Na conferência, Mário Centeno sublinhou que a Grécia cumpriu as 88 acções prévias e as 450 medidas ao longo apenas do terceiro programa. A estas somam-se as medidas dos dois programas anteriores, decididos em 2010 e em 2012.

 

Do financiamento de 15 mil milhões de euros aprovado pelos ministros das Finanças da Zona Euro, 9,5 mil milhões de euros servirão para reforçar uma almofada de liquidez que deverá atingir os 24,1 mil milhões de euros, de forma a cobrir os próximos 22 meses de necessidades de financiamento. Já os restantes 5,5 mil milhões de euros serão usados para pagar dívida no imediato.

 

Foi decidida a extensão por dez anos da maturidade dos empréstimos do Mecanismo Europeu de Estabilidade Financeira e ainda um período de graça de dez anos, durante o qual a Grécia não paga nem juros, nem capital. Ou seja, em vez de 2023, o primeiro ano previsto de amortizações aos credores oficiais é 2033. Este período de graça aplica-se a 96,6 mil milhões de euros.

 

Atenas vai ainda receber pagamentos semi-anuais, até 2022, se todas as reformas previstas no programa forem implementadas, adiantou Mário Centeno.

 

Por fim, os líderes da zona euro reafirmaram o seu compromisso de apoiar o país em caso de necessidade, tomando as medidas que forem necessárias. O objectivo do pacote de medidas para aliviar a dívida e da declaração contundente de apoio é que o país volte a caminhar pelo seu próprio pé, sem deixar os mercados nervosos.

 

A condicionalidade apertada

 

Para ter acesso a estas medidas de alívio da dívida pública, que em 2018 atingia os 178,6% do PIB grego, Atenas teve de aceitar uma vigilância pós-programa reforçada, depois de terminado o programa. Não é um programa cautelar, mas é um enquadramento de monitorização mais forte do que aquele que teve Portugal, quando saiu do programa da troika.

 

Neste enquadramento, que já existia mas que nunca tinha sido usado para nenhum dos quatro outros países que tiveram programas de ajustamento, Atenas deverá será monitorizada trimestralmente – enquanto em Portugal as visitas são semestrais.

 

Além disso, fica comprometida a implementar medidas que já estejam legisladas mas ainda não tenham chegado ao terreno e a não reverter reformas.

 

Mário Centeno lembrou ainda que a Grécia se comprometeu com um programa de crescimento de longo prazo, com um conjunto de reformas já identificadas.

 

Uma maratona com dez horas de trabalho

 

Ao longo da tarde, os trabalhos foram duros. Os ministros começaram a reunião pelo dossier da Grécia, às 15 horas. Mas perto das 18h00 decidiram interromper os trabalhos sobre a Grécia e avançar para outros pontos na agenda, nomeadamente a avaliação ao abrigo do Artigo IV do FMI e o aprofundamento da união económica e monetária.
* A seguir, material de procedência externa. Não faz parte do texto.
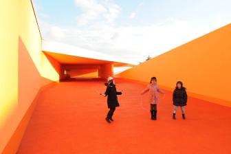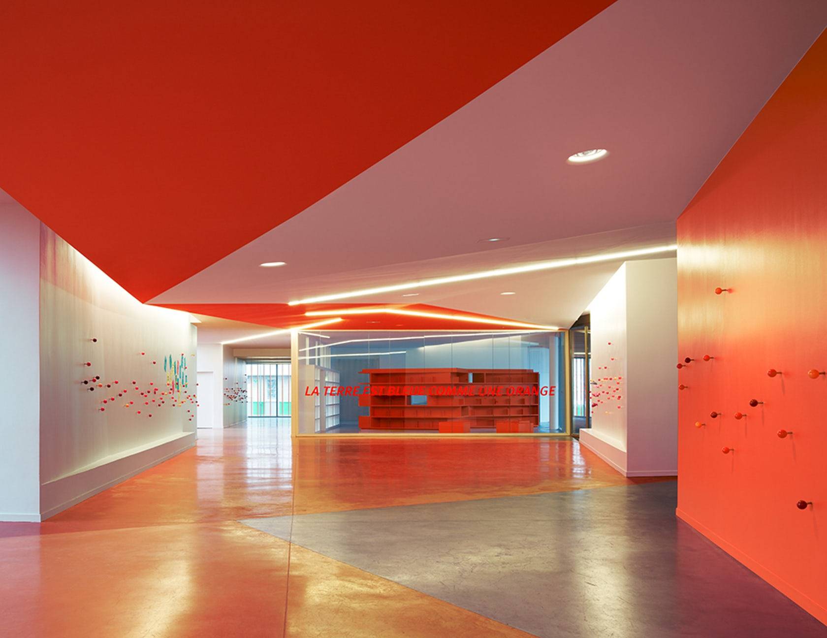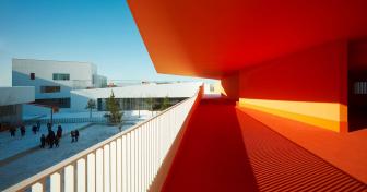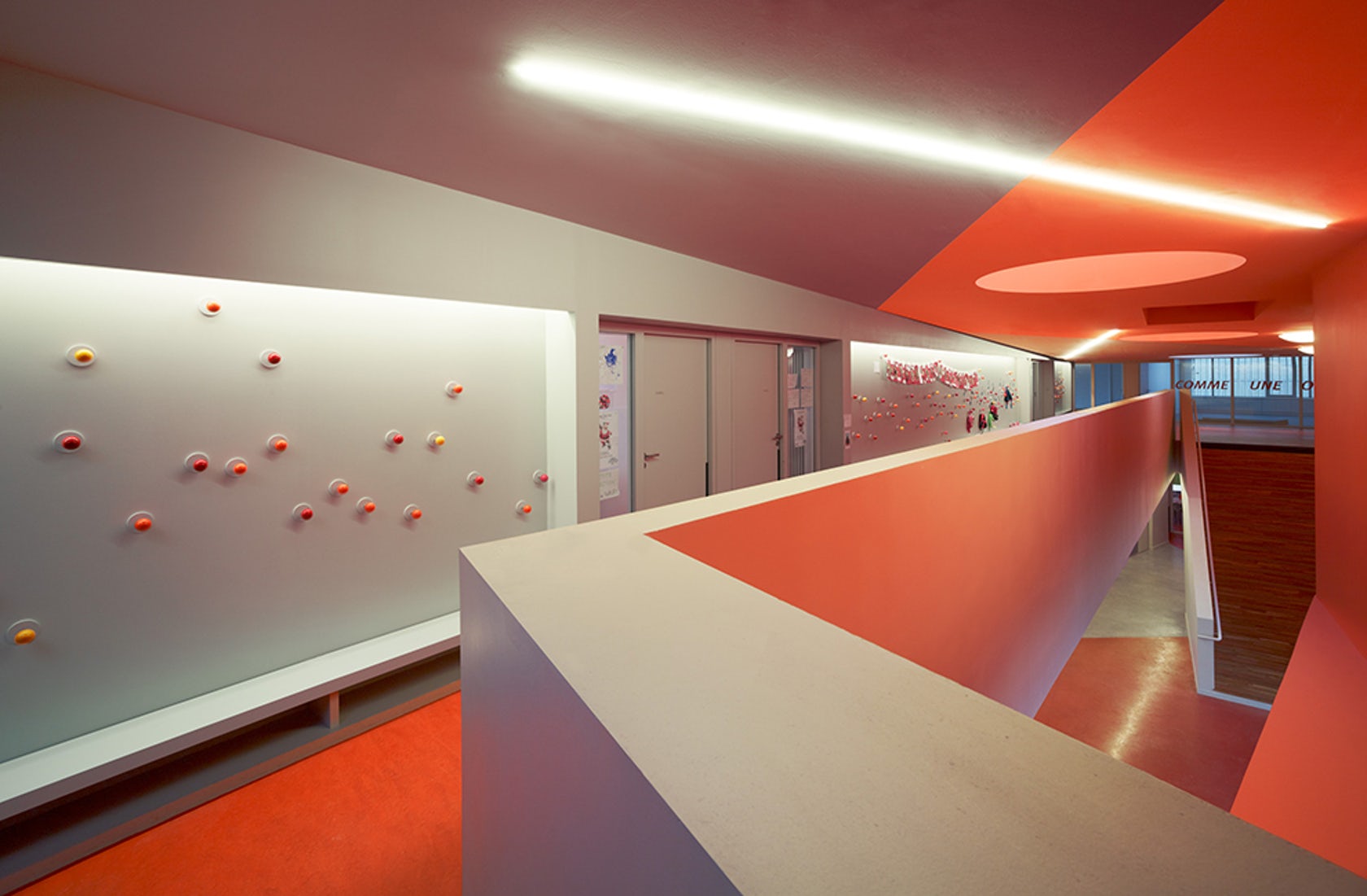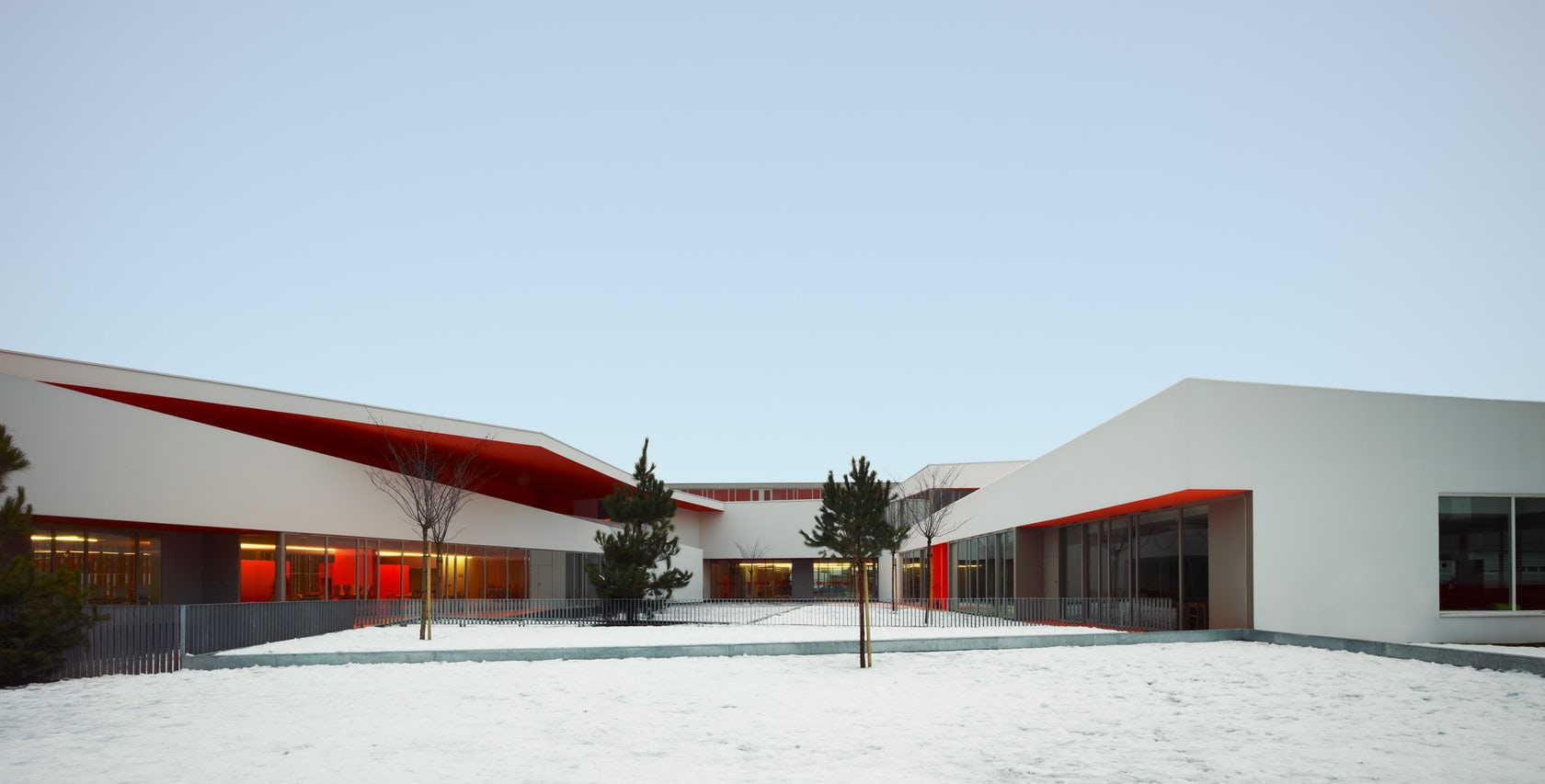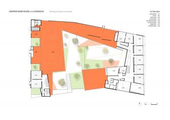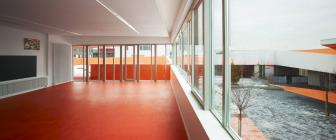 建筑師在設(shè)計構(gòu)想中描繪了一幅統(tǒng)一的組織規(guī)劃提案,以其藝術(shù)大師般的手法在場地兩端之間的三維空間內(nèi)進行設(shè)計,并通過一系列坡道使兩端的空間相連接。因此,幼兒園的教室被推到了場地的東側(cè),位于入口上方樓層的懸挑部分中,而小學(xué)的教室則占據(jù)了西邊的場地,同時俯瞰著幼兒園與小學(xué)之間的花園。大童操場與包含了共享餐廳的幼童操場合并,而孩子們的運動場空間則位于另一棟包含共享圖書館的建筑的屋頂。

Nessa altura, ainda estavam por fechar o alongamento de maturidades e a dimensão da almofada de liquidez.

 

A ideia seria retomar a discussão sobre a Grécia pelas 21h30, mas a previsão voltou a derrapar por mais de uma hora. Pelas 23h00, ainda não tinha sido alcançado acordo sobre vários pontos específicos do alívio de dívida.

 

Já passava da meia-noite quando os primeiros sinais de fumo branco chegaram. Um responsável dava conta de que os ministros das Finanças já estavam de sorriso nos rostos, a ultimar o texto do entendimento encontrado.